Wang Hai (; 19 January 1926 – 2 August 2020) was a Chinese fighter pilot and general. A flying ace of the Korean War, he served as commander of the People's Liberation Army Air Force (PLAAF) from 1985 to 1992. He was awarded the rank of general (shang jiang) in 1988.

Biography
Wang Hai was born on January 19, 1926, in Yantai, Shandong Province. He joined the Chinese Communist Party (CCP) in September 1945 when he was a student at Weihai High School, and studied at Linyi People's Revolutionary University in Shandong. In June 1946 he entered Mudanjiang Aviator School, the first aviator training school of the CCP. In May 1950, he graduated from the training program to become a fighter pilot.
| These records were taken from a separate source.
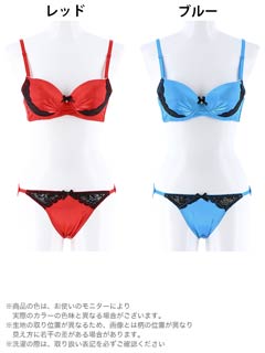 SEXYさを演出するランジェリー♪カラバリは肌に映えるビビッドカラーのブルーとレッドの2色展開です!!カップ裏は厚手の内蔵パッドでバストの盛れ度も抜群☆ショーツはさりげない透け感がエロい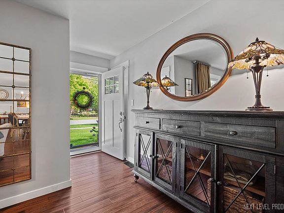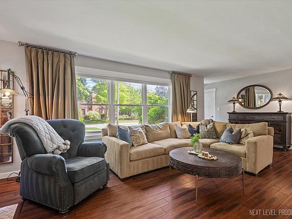 Completely rehabbed and redesigned with a stunning open floor plan, this in-town Geneva ranch is a true gem! Ideally located just three blocks from Geneva High School and walkable to charming downtown Geneva, this beautifully updated 3-bedroom, 2-bath home sits on an oversized corner lot surrounded by mature trees, lush landscaping, and an English garden-inspired setting. Step inside to find hand-scraped hardwood floors throughout the main level (excluding bathrooms), a spacious living room with a large picture window, and a masonry fireplace with a custom carved wood mantle. The stunning kitchen is the heart of the home, featuring custom cabinetry, granite countertops, stainless steel appliances, floating shelves, and a large island with breakfast bar-perfect for entertaining. The adjacent dining room boasts elegant custom wainscoting for added character. Enjoy the sunroom as a versatile space-ideal as a playroom, office, library, or reading nook. The primary suite offers a peaceful retreat with access to the backyard through a patio door, a walk-in closet, beautiful built-in storage, and a luxurious en-suite bath with high-end finishes. Two additional generously sized bedrooms share a stylishly updated hall bath with dual sinks. The large semi-finished basement offers built-in cabinetry and shelving-perfect for a rec room, office, hobby space, or storage. Additional features include main floor laundry and an attached, heated 2-car garage. Don't miss this rare opportunity to own a fully updated home in a prime Geneva location!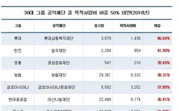 30대 그룹 공익재단, 목적사업비가 총수입 절반도 안돼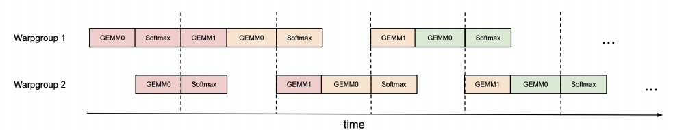 - 然后warpgroup 1执行GEMMs(GEMM1和GEMM0),warpgroup 2执行softmax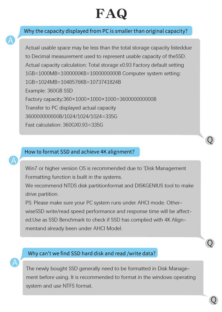 Before you use it please right click "My computer-Management-Device manager-disc drive" and can find our SSD. Please do the format and partition.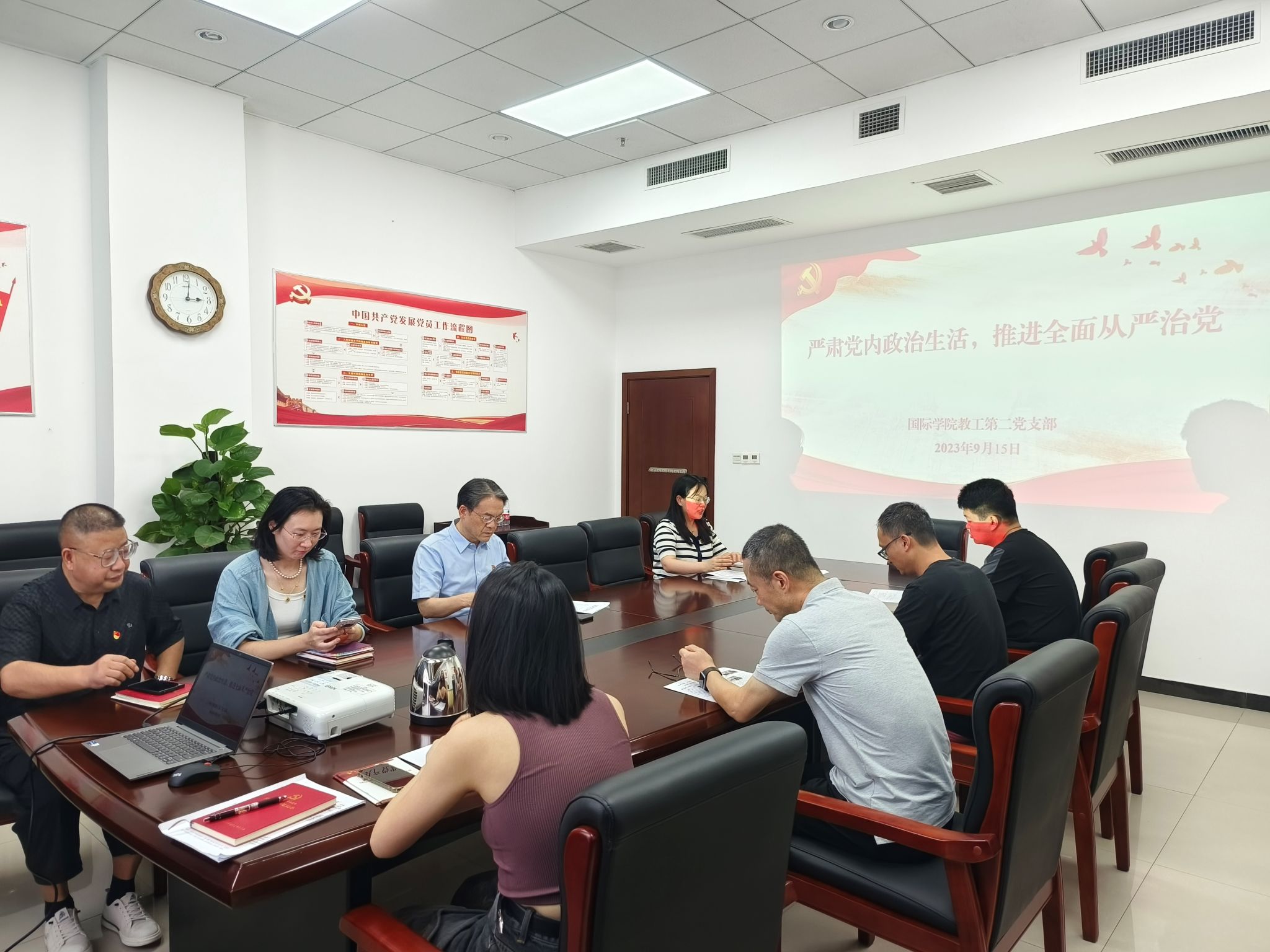在分享学习心得环节,同志们纷纷表示受益匪浅。刘正印同志表示,通过学习习近平总书记的重要指示和著作,更加深刻地认识到党的建设和组织工作的重要性和紧迫性,进一步增强了党性意识和责任意识。谢晓笛同志表示,通过学习《新时代高校教师职业行为十项准则》,更加明确了自己的职责和使命,为今后的工作指明了方向。

During the Korean War (1950–53), Wang was a pilot of the 3rd Fighter Aviation Division. He shot down or damaged nine American aircraft, with his own air group scoring 29. The MiG fighter he flew is exhibited in the Military Museum of the Chinese People's Revolution in Beijing.
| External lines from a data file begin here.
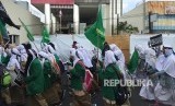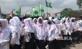 Ribuan santri dari berbagai pondok pesantren di Jawa Barat menghadiri peringatan Hari Santri Nasional di Lapang Dadaha, Kota Tasikmalaya, Jawa Barat. Kegiatan digelar pada Senin (22/10). (FOTO : Republika/Eric Iskandarsjah Z)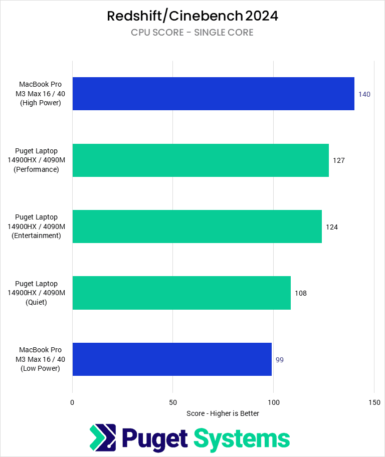 While the performance changes a bit based on the power profile that is being used on both units, we want to mostly focus on the highest power profiles – High Power for the MacBook and Performance for the Puget laptop. Feel free to compare the others yourself, but if you are trying to get work done, those are the profiles the majority of users are likely to use.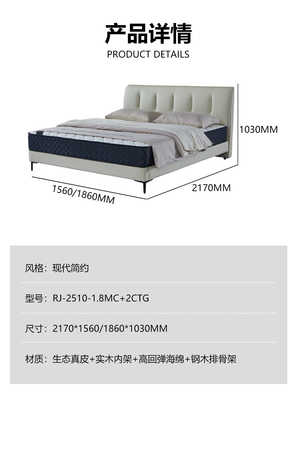 【套餐专享价】每屋优享系列 现代简约 实木内架+高回弹海绵+钢木排骨架+生态真皮 1.8米床+床头柜*2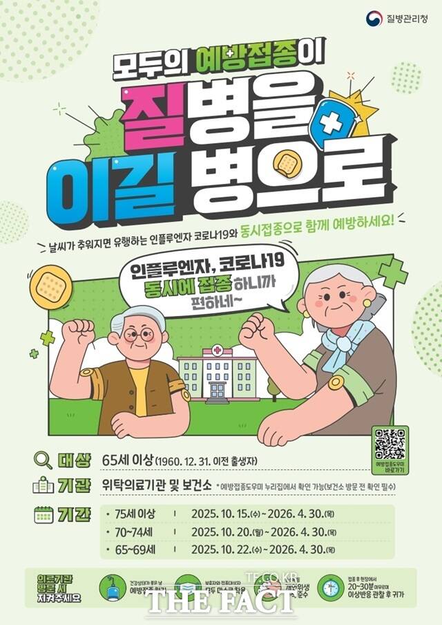 65세 이상 어르신은 독감(인플루엔자)과 코로나19 예방접종 대상에 모두 해당하며, 두 가지 백신을 동시 접종할 수 있다.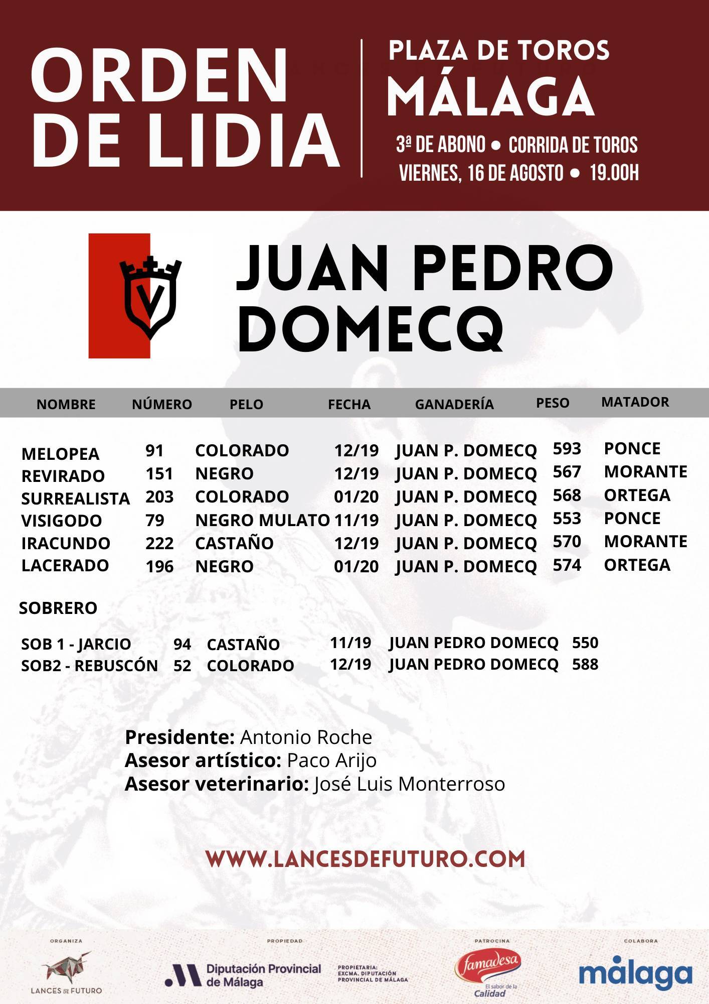 Sorteados y enchiquerados los toros de Juan Pedro Domecq que se lidiarán en la plaza de toros de Málaga por los diestros Enrique Ponce, Morante de la Puebla y Juan Ortega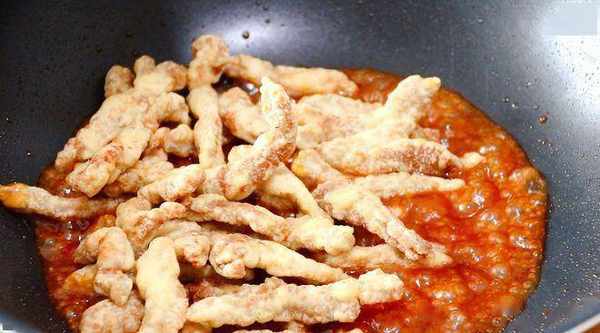4、 鍋中留少許底油,倒入番茄醬、白糖和生抽翻炒,加入少許清水,水開後淋入少許水淀粉,熬制濃稠後加一點醋,再把肉條倒入鍋中一起翻炒,等到表面均勻的裹上醬汁,撒一點白芝麻即可出鍋。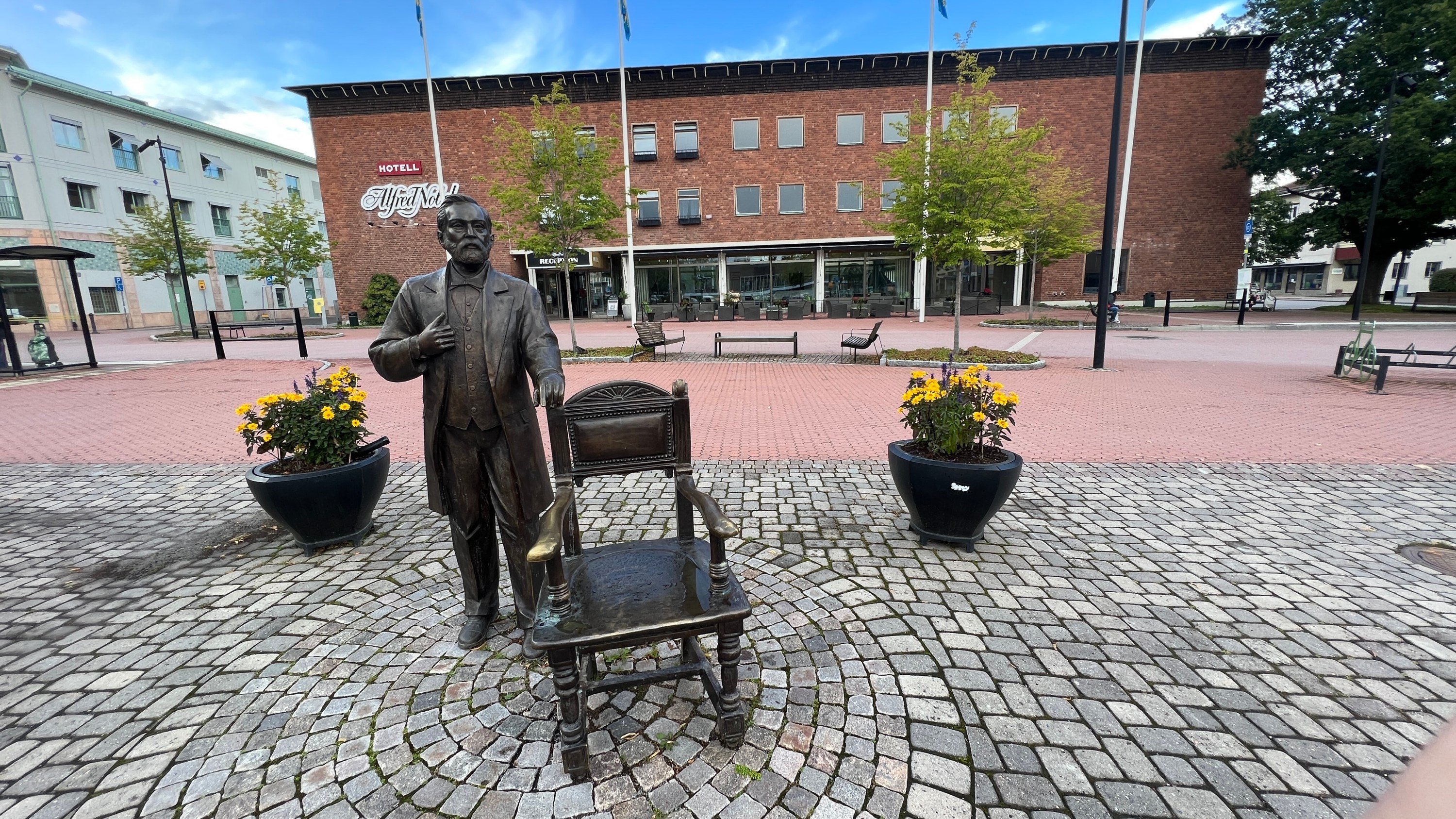 Pak ještě na skok do městečka Karlskoga. Tady dlouhá léta pracoval a žil Alfréd Nobel. Vše ve městě nese jeho jméno a na náměstí má svoji sochu.

After the war, he was promoted to command an air force division, and later commander  of the Guangzhou Military Region Air Force. In 1985, he was appointed commander of the People's Liberation Army Air Force. When the PLA re-instituted military ranks, he was awarded the rank of general (shang jiang) in September 1988. He retired in 1992. Starting with him all PLAAF commanders have been career aviators.

Wang Hai was a member of the 13th and 14th Central Committees of the Chinese Communist Party.

On 19 October 2010 he led a Chinese delegation to Pyongyang to commemorate the 60th anniversary of the entry of the Chinese People's Volunteers into the Korean War.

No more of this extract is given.